Niet alleen vindt er een herstel plaats dat in deze tijd reeds tot een geestelijk paradijs heeft geleid, maar binnenkort zal de tijd aanbreken dat onze planeet een letterlijk paradijs zal worden. Toen Jehovah onze eerste voorouders, Adam en Eva, in de hof van Eden plaatste, was een klein gedeelte van de aarde een paradijs (Genesis 1:29-31). Daarom kunnen we over een herstel van het paradijs spreken. Voordat het zover is, moet de aarde echter van godonterende valse religie worden ontdaan. De politieke elementen van deze wereld zullen dit voor hun rekening nemen (Openbaring 17:15-18). Daarna zullen de politieke en commerciële elementen, tezamen met hun ondersteuners, worden geëlimineerd. Ten slotte zullen de laatste tegenstanders van God, Satan de Duivel en zijn demonen, duizend jaar lang — zolang de herstelperiode duurt — worden opgesloten. In die tijd zullen „de wildernis en de waterloze streek . . . zich uitbundig verheugen, en de woestijnvlakte zal blij zijn en bloeien als de saffraan” (Jesaja 35:1). De hele aarde zal vrij zijn van rustverstoring (Jesaja 14:7). Zelfs de miljoenen mensen die gestorven zijn, zullen tot leven op aarde worden hersteld. Allen zullen de tot herstel leidende voordelen van het loskoopoffer ondervinden (Openbaring 20:12-15; 22:1, 2).

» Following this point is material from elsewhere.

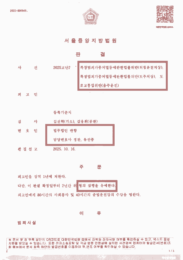 재판부는 사고 경위, 합의, 초범이라는 요소를 모두 고려해 실형 대신 징역형의 집행유예를 선고했습니다. 의뢰인은 구속을 피하고 정상적인 일상을 유지할 수 있게 되었습니다.

Niemand op aarde zal blind, doof of kreupel zijn. „Geen inwoner zal zeggen: ’Ik ben ziek’” (Jesaja 33:24). Na het einde van de duizendjarige regering van Christus zullen de Duivel en zijn demonen kort worden vrijgelaten en zullen ze zien hoe Gods voornemen met betrekking tot de aarde tot op dat punt is vervuld. Uiteindelijk zullen ze definitief worden vernietigd. — Openbaring 20:1-3.
Wanneer de duizendjarige herstelperiode op aarde ten einde loopt, zal „al wat adem heeft” Jehovah loven, en ze zullen dit tot in alle eeuwigheid doen (Psalm 150:6). Zult u tot hen behoren? Dit is mogelijk.